For adults with kids, there is a great need for animated films to make the family happy. For movie studios, there is a great need for films that the entire family can go to that are not slapped with an R-rating which cuts down on profits. Two recent films recently made films about races, Planes and Turbo, showed a need for speed. More and more, the glut of these movies shows the need for greed. Greed is what makes studios only think about making money and not good movies. I actually did like both Planes and Turbo, which is strange because I absolutely hated Cars 2, which was also a race movie.

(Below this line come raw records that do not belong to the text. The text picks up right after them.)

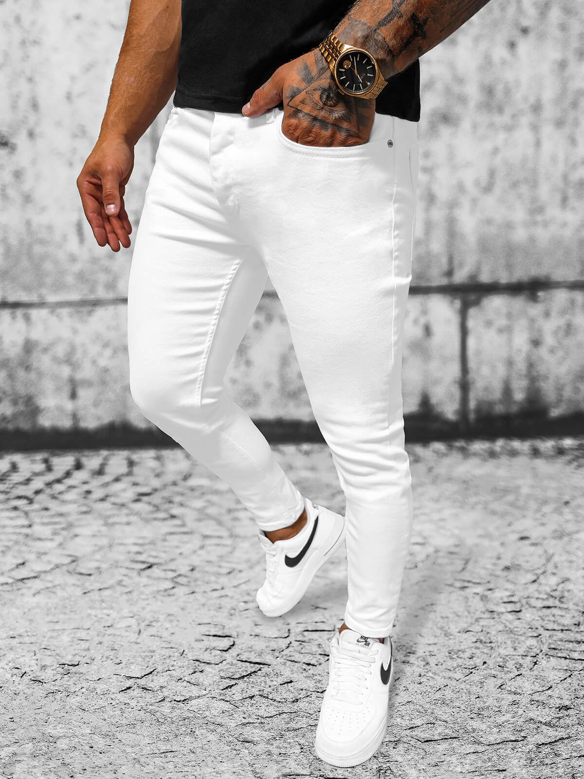 - El modelo (183 cm, 80 kg) lleva la talla 33.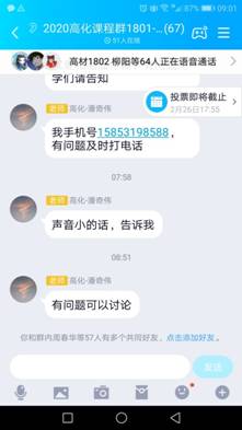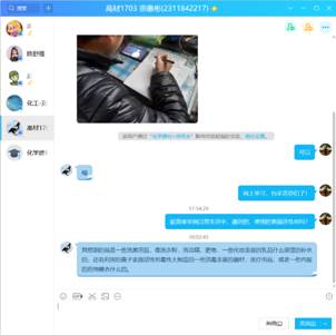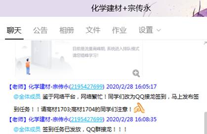 宗老師利用寒假的時(shí)間,在課程開課前在學(xué)校的網(wǎng)絡(luò)平臺建設(shè)了化學(xué)建材在線課程,課前還通過QQ文件傳送了課件、輔助學(xué)習(xí)資料等,為學(xué)生提供了充分的學(xué)習(xí)資源。課前5分鐘嘗試學(xué)習(xí)通簽到,發(fā)現(xiàn)網(wǎng)絡(luò)擁堵,馬上啟動預(yù)案,通過QQ接龍簽到,學(xué)生全部按時(shí)簽到。正式開始上課后再次提醒學(xué)習(xí)的重點(diǎn)內(nèi)容。上課過程中,以學(xué)生在線學(xué)習(xí)為主,同時(shí)通過自學(xué)照片、個(gè)別互動答疑等方式抽查學(xué)生的學(xué)習(xí)狀態(tài)和效果。課后發(fā)布了課下作業(yè),并給出了明確的作業(yè)要求和時(shí)間要求。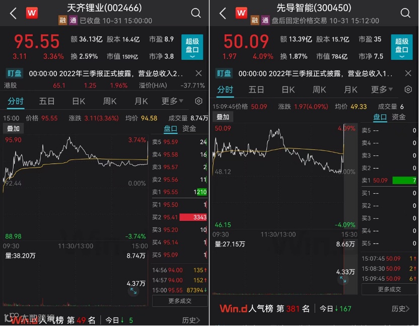 Wind数据显示,天齐锂业集合竞价阶段拉升逾1.5%,成交额超8.35亿元。先导智能集合竞价阶段拉升近3%,成交额超4.33亿元。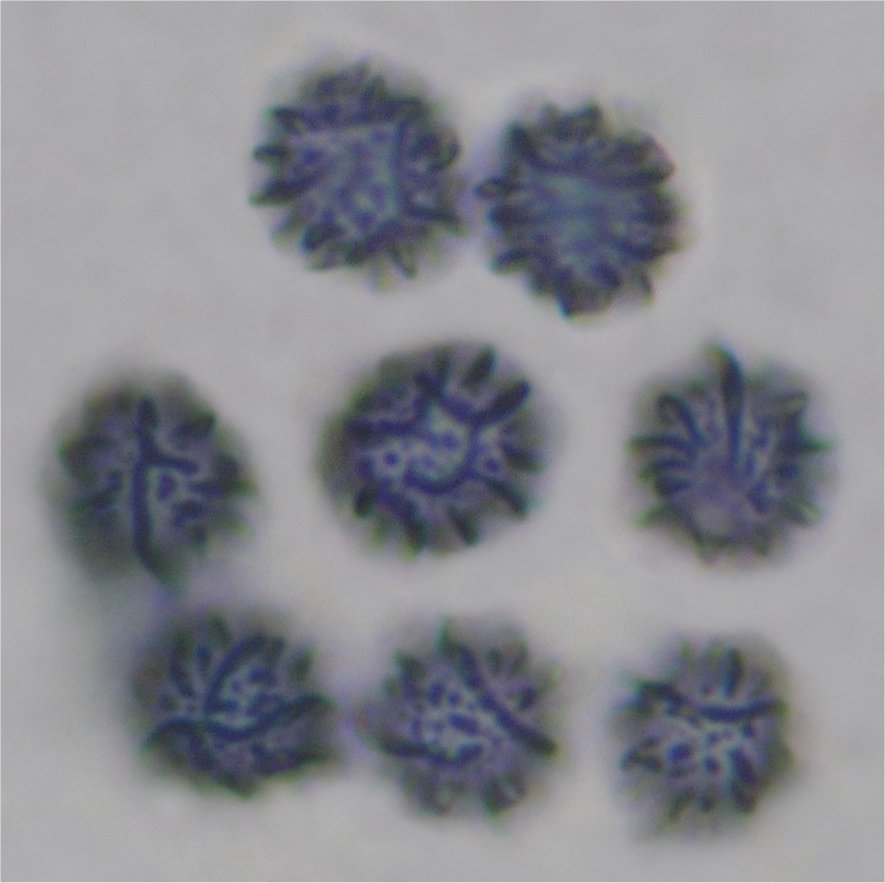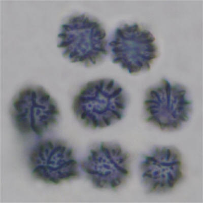 | This species is very similar to Russula fragrantissima and has the same almond fragrance. I couldn't tell them apart if it weren't for the spore differences. The distinctly ornamented spores with protruding wings are the most interesting part of this species. This species is fairly common in Eastern North America and while listed from California, I've never collected it there. | ||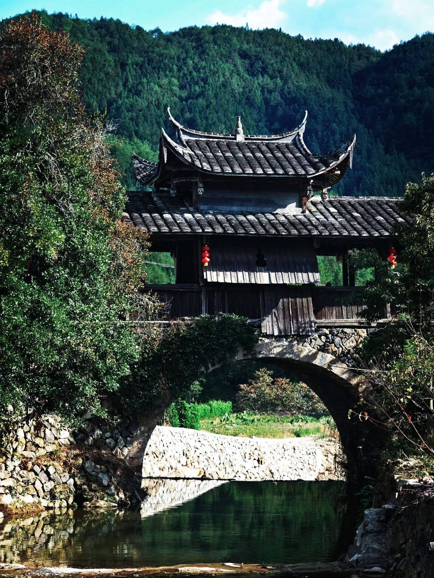 闽东最美古廊桥之一,榫卯结构横跨溪涧,周边有徒步路线,深入山林,秋季红叶掩映如画。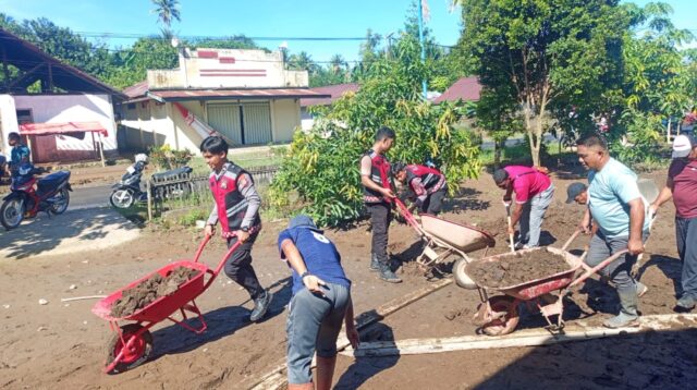 Personel Polres Halmahera Barat (Halbar) menggelar bakti sosial berupa pembersihan sisa-sisa lumpur pascabanjir di Desa Baca selengkapnya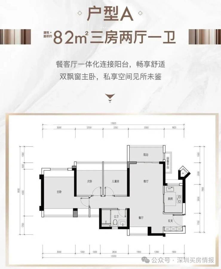 82㎡三房一卫,有通透和竖厅两种户型,均为东北朝向。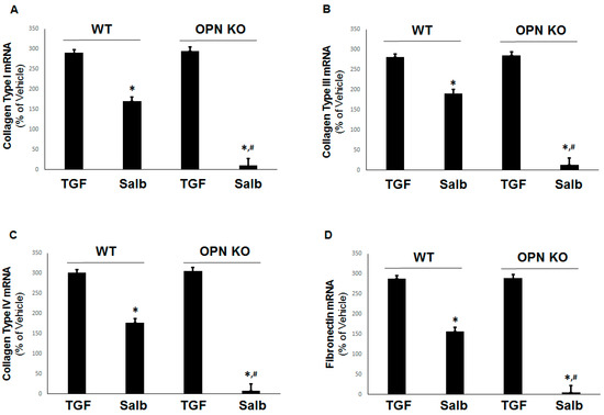 Absence of OPN potentiates the β2AR-mediated inhibition of TGFβ-dependent profibrotic factor mRNA induction in H9c2 cells. mRNA levels of (A) type I collagen, (B) type III collagen, (C) type IV collagen, and (D) fibronectin, in WT or OPN-depleted (OPN KO) H9c2 cells treated with 10 ng/mL TGF-β1 (TGF) with or without 10 µM salbutamol (Salb). *, p < 0.05, vs. TGF; #, p < 0.05, vs. WT-Salb; n = 3 independent experiments per condition (two-way ANOVA with Bonferroni test).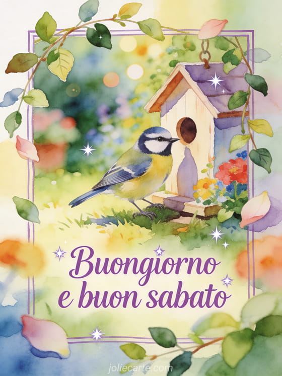 Condividi un messaggio luminoso del sabato mattina con una cinciallegra vicino a una piccola casetta per uccelli in un angolo colorato di giardino. Puoi inviare anche una buon sabato donna immagine, un buon sabato caffè gif o una buon sabato a tutti immagine.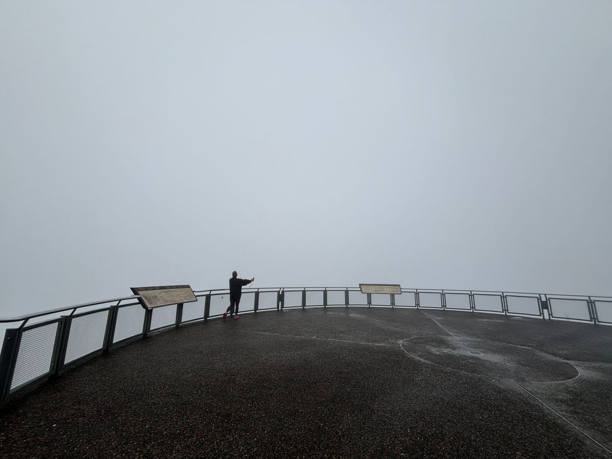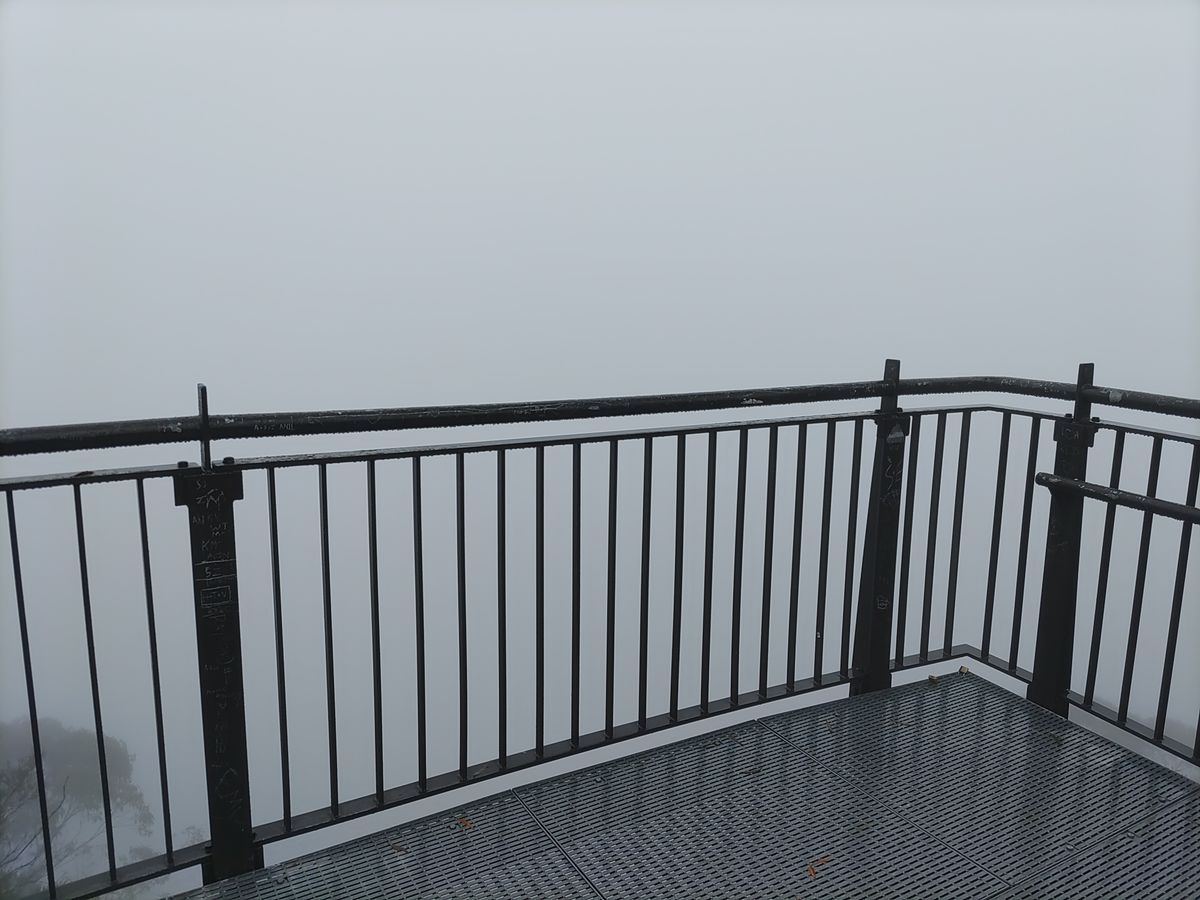 その後はブルーマウンデンズに向かいましたが、曇天で景色はすべて見えませんでした。リンカーンズロックのみ、ある程度眼下は見えていたので、高所にいる感はなんとなく分かりました。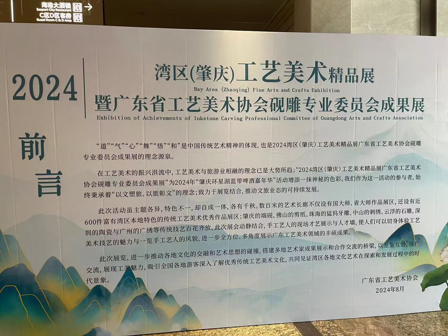 (中華新聞通訊社/中華時報8月5日訊)2024年8月3日,由廣東省工藝美術協會(硯雕專委會)和肇慶市文旅投資集團有限公司主辦的2024灣區(肇慶)工藝美術精品展暨廣東省工藝美術協會硯雕專委會成果展在溫德姆酒店正式舉辦。廣州新世紀藝術研究院代表馮少連受邀參加本次展覽。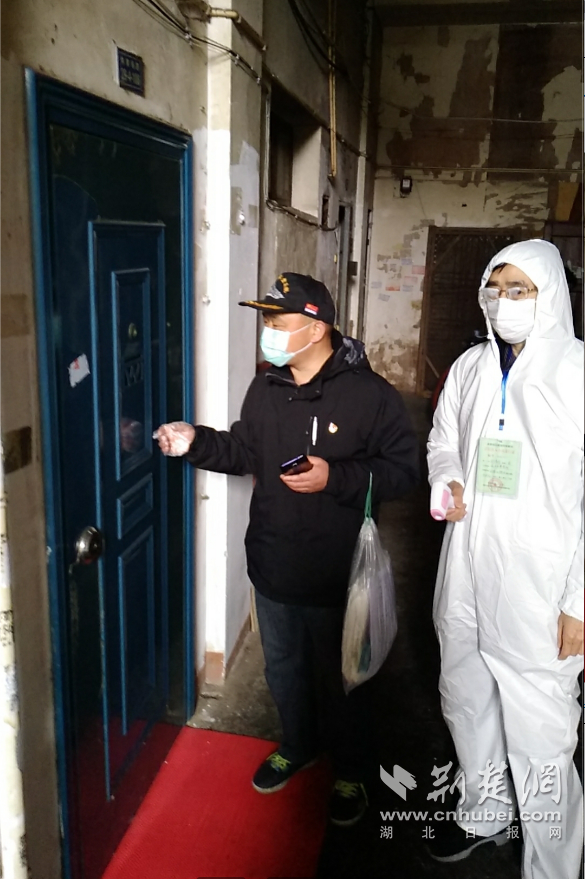 毛良民带领小区战“疫”工作队队员挨家挨户上门测量体温。通讯员供图
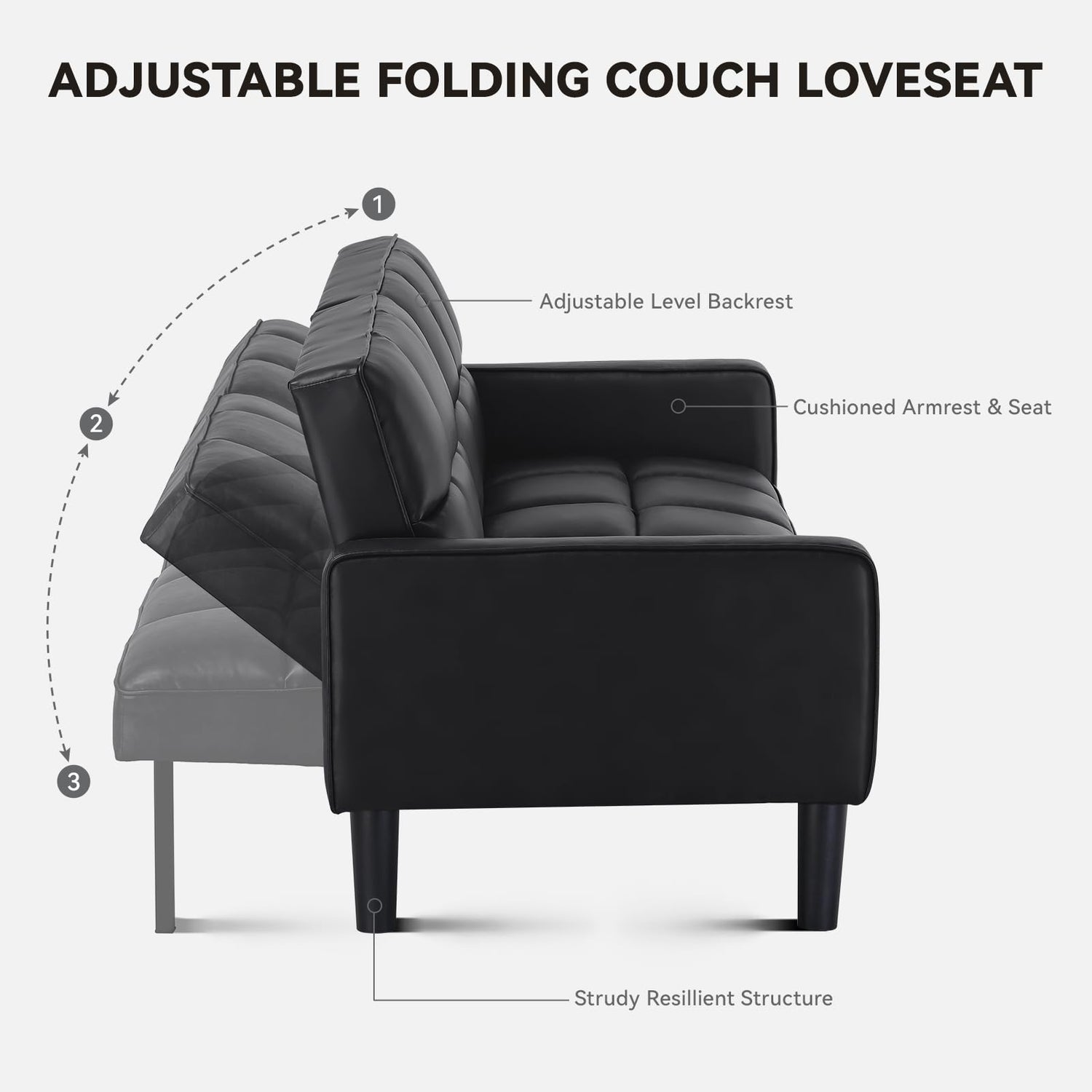 - 【Versatile Futon Sofa Bed】With its multi-angle adjustable backrest design,it can easily convert from a sofa during the day to a futon bed at night.This Futon couch is the perfect addition to your living room,bedroom,office,or apartment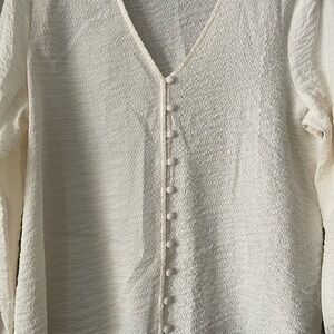 Chic cream blouse with a V-neckline. Features button-up front. Ideal for versatile styling.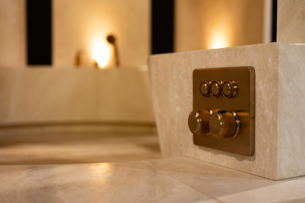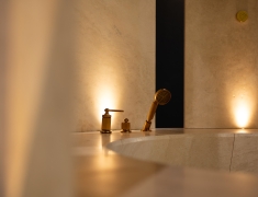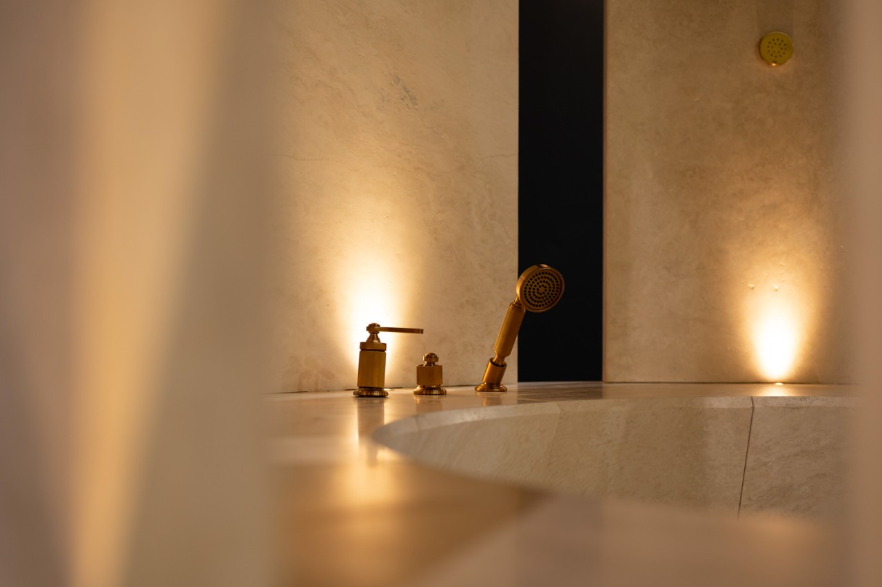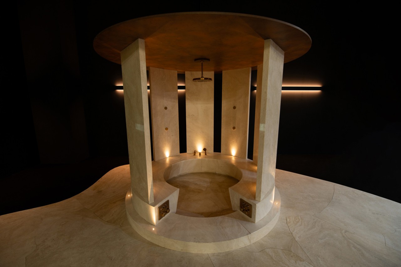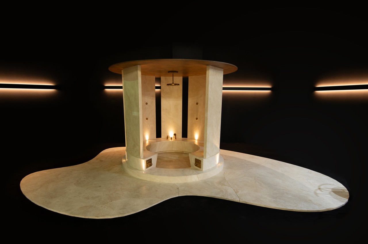 La SPA in travertino realizzata da Eurobuilding e disegnata da Alessandro Agrati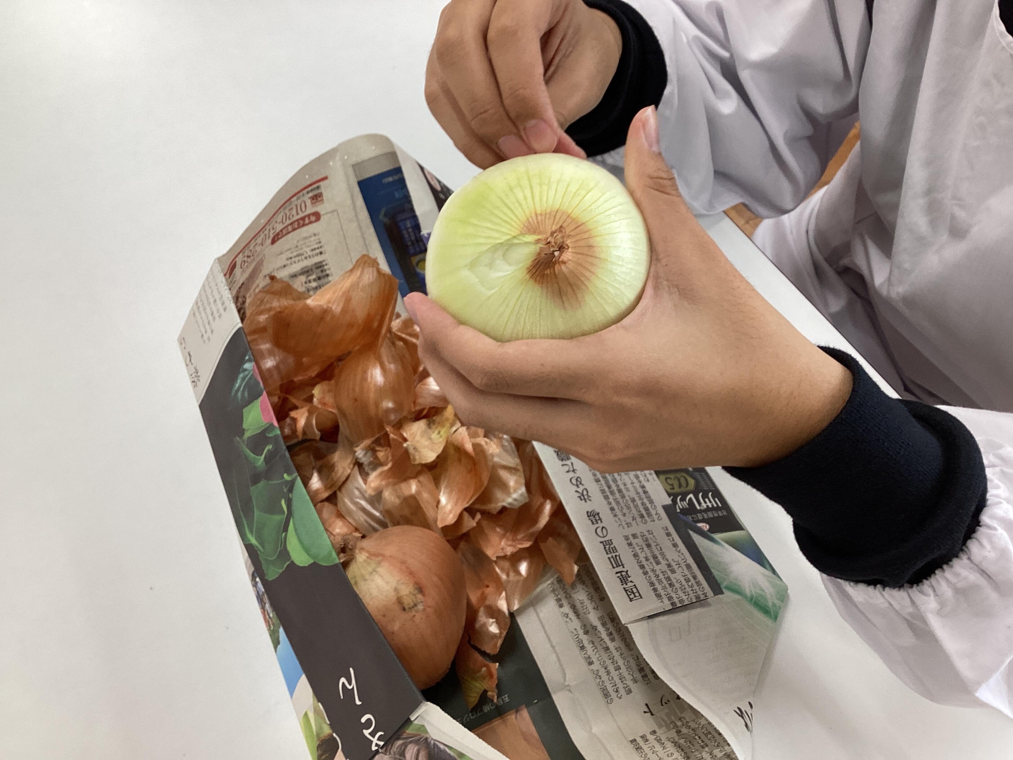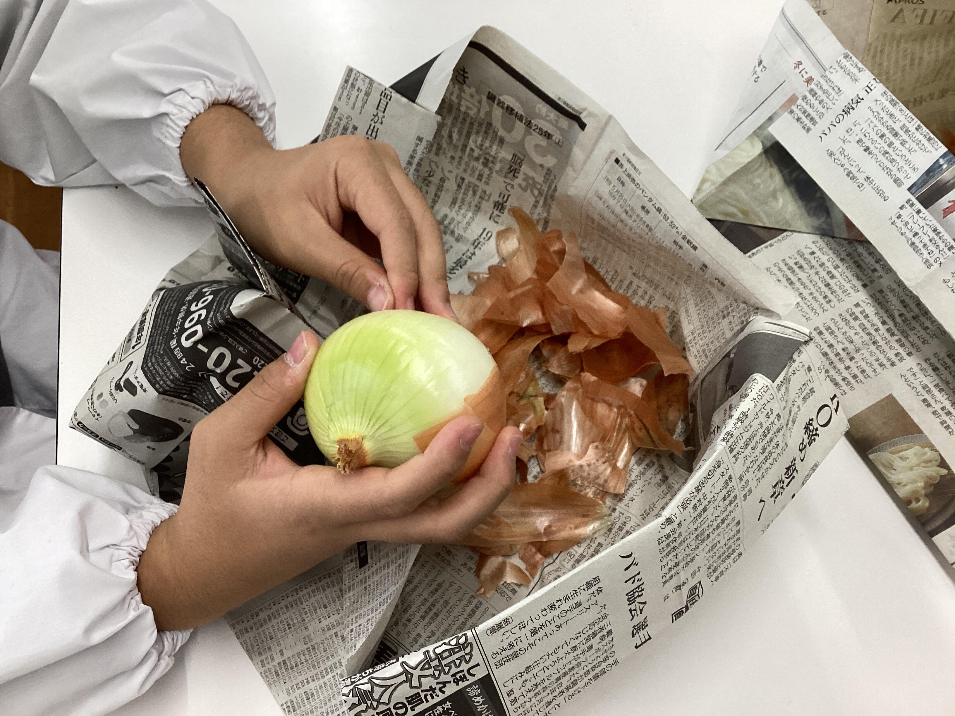 11月25日(火)に翌日の給食の(カレーライス、フレンチサラダ)に使う玉ねぎの皮むきを中学部2年生の生徒がしてくれました。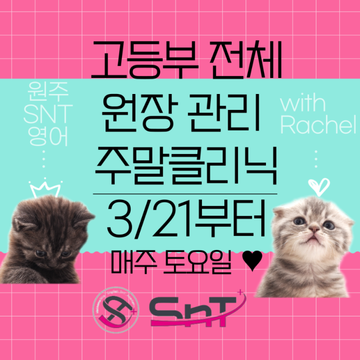 ❤️원주SNT영어학원❤️ 고.등.부.전.체. 원.장.관.리 주말클리닉 3/21부터 매주토요일

Planes is a sequel to Cars, which is odd since it wasn’t produced by Pixar but Disneytoons which normally produce a heavy slate of straight-to-video fare. Early reception generated plan to make two more Planes films. Planes takes the world wide race that was tried in Cars 2 and makes it more visually entertaining. One of the most interesting things when watching one of these movies is figuring out the vocal talent. Here the names are not A-list stars, but they serve well. They are Dane Cook, Stacy Keach, Cedric the Entertainer, John Cleese, Teri Hatcher, Julia Louis-Dreyfus, Brad Garrett and Carlos Alazraqui. I know. I’ve never heard of Alazraqui either, but he does a dead-on imitation of Antonio Banderas as Puss in Boots. The visuals are the key here. The swooping vistas of flight are always exhilarating. It is still put in the framework of an overly familiar story of a downtrodden underdog.
Turbo took that underdog idea to ridiculous extreme by having a snail receive an incredible gift of great speed. Not just doubling his speed but increasing his speed a gazillion times, enough to compete in the Indianapolis 500. Yes, a snail competing against high powered race cars. Is it possible to think of a more absurd premise? Then they add fun elements like a taco stand as a sponsor and a bunch of rowdy snail mentors. Overall, Turbo was surprisingly entertaining.
I’m not spending much time talking about Planes, partly because there is such a glut of these movies and they are so routine and generic that I find it more interesting to talk about the glut. Monsters University is a perfect example. The movie was dreadful, and yet it was from Pixar, supposedly the gold standard of animated films. It didn’t surprise me because it was directed by John Lassiter, the founder of the studio and always its weakest link. His films always bore me. I know that might seem shocking to some people: that someone would ever say anything bad about Pixar. Some are wonderful (especially Ratatouille) but Lassiter seems to always be stretched to thin. Yet Monsters University was extremely successful, so clearly it doesn’t matter if something is good or not as long as it’s pre-sold. The movie Monsters Inc. was a huge success, so naturally a sequel is in order. Pixar is suppose to be a place of quality, but commerce is like a vine strangling it’s creativity. They shouldn’t do a film unless it’s original and wonderful, as many of their films are. And now they are farming out their spin offs to a bargain basement Disney subsidiary. For shame, Pixar.
I like any movie as long as it’s good. I have no problem with animated films for kids as long as they are passionate and inspired. Another entry this year was The Croods, and it was very original and very enjoyable on every level. Still, then you have to deal with things like Smurfs 2; ugh.
Planes is a sequel to Cars, yet it’s not by Pixar. How can it not be confusing to the lover of movies? I suppose it doesn’t matter to those who aren’t movie lovers. For some people, It’s just a way to get their kids off their backs.